The Spartanburg Commission of Public Works has dropped a requirement that lakefront property owners sign a land access agreement.
Spartanburg Water had said that agreement was aimed at making sure future property owners around Lake Blalock, Lake Bowen and Municipal Reservoir 1 were aware of their rules.
But, 7News has learned that agreement’s been tossed out.
A spokeswoman with the utility said Tuesday a big reason they canned the agreement last Friday is push back by the homeowners.
Those homeowners are reacting to the news and say they’re pleased but some said there’s more to be done.
This started in the summer of 2018 when homeowners started to learn Spartanburg Water owned and managed the lakes and reservoirs they lived along.
Homeowners like Dan Hargett, who lives on Lake Bowen, were not pleased to hear what they learned.
Now he’s reacting to the news the agreement has been tossed.
“We believe that’s a great first step,” said Hargett.
The land access agreement was very unpopular out in these parts.
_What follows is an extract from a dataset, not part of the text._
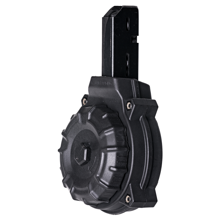 The AR-15 Colt/SMG Type 50rd Drum Magazine in Polymer Black offers high-capacity performance with a lightweight and durable design. Engineered for reliability, this drum magazine holds up to 50 rounds, ensuring extended shooting sessions without frequent reloading. The robust polymer construction provides excellent resistance to impact and wear, making it ideal for both tactical and recreational use. Its sleek black finish adds a tactical edge, while the easy-to-load design ensures seamless operation. Perfect for enthusiasts looking for efficiency and endurance in their shooting experience.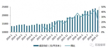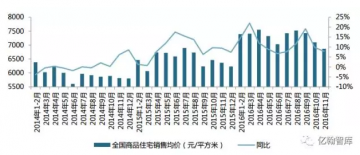 表:2014年1月-2016年11月一线及核心二线城市商品住宅成交均价

The utility’s spokeswoman, Jennifer Candler told 7News pushback by homeowners was part of the reason that decision was reached.
“The commission came to that decision really just based on the fact that they wanted to listen to the adjacent property owners,” said Candler.
Hargett said, “That document was aimed at claiming a portion of this property that’s not on anybody’s deed.”
The back and forth between homeowners and the utility came to a head when the utility announced a “Press Pause” program.
That gave homeowners an extension in order to make changes to things like their docks and lakeside porches while applying for a permit rather than waiting for a permit to start work.
Candler said, “Certainly we want to work with the homeowners.”
Candler told us the land access agreement will no longer be a part of the “Press Pause” program.
Hargett considers that a good thing.
“Then they could push you off the lake, no access to your boats, or use of the water. So it was a really bad document,” he said.
Hargett said the issue isn’t quite over. The next step is a set of rules and regulations being considered by Spartanburg Water.\
Hargett and others believe those rules as they stand now go too far.
“They came out with 84 pages of rules. Rules that I don’t believe any normal person could memorize them and honor all of them,” he said.
Hargett believes things started to turn in favor of the homeowners when they brought up financial issues and enlisted Trey Gowdy as their legal representation earlier this year.
7News will continue to follow this story as the Public Works Commission continues to work on the latest proposed rules and regulations.